Actually, I didn’t. The laws list quote here would be something like this:
If someone is really unreasonable, you don’t have to prove it. They will be unreasonable over and over and over until everyone who’s capable of figuring it out, figures it out.
I learned this as a technician on a major financial development project. A senior developer was OK with me but, perhaps because he resisted authority, was assigned to me to direct. The relationship then became, er, strained.
I had a superior human being as a manager at that time, and I discussed the situation with him.
He understood.
And then he stated the above law:
If someone is really unreasonable, you don’t have to prove it. They will be unreasonable over and over and over until everyone who’s capable of figuring it out, figures it out.

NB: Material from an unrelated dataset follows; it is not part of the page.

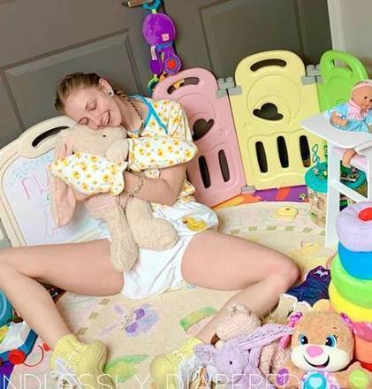 Ela então brinca com seus brinquedos e cria conteúdo online para a comunidade de adultos e amantes de fraldas (ABDL). O objetivo da vida de Paigey Miller é normalizar o estilo de vida que ela adotou desde maio de 2018

I was a learning professional, growing my way to being referred to as Mister Systems Architect a some years later. One of my personal habits was to ask,
how does this generalize?
(This works very well when implementing customer business needs. You pre-allow natural expansions of the current business processing.)
So, to Devereux’ law (above) I added Bennett’s Corollary:
If someone is behaving really bizarrely in some way, you don’t have to prove it. They will behave in that bizarre way until everyone capable of sensing and admitting it, agrees that they are bizarre.
At something like 6:20 am the POTUS ‘just found out’ that Obama had Trump Tower phone lines tapped, ‘just before the victory.’
We should, therefore, expect trial-by-twitter of every single person who could potentially challenge the POTUS’s capability, veracity, or legitimacy.
Oddly enough, sanity won’t be questioned much. And the truth won’t matter.
I just found out.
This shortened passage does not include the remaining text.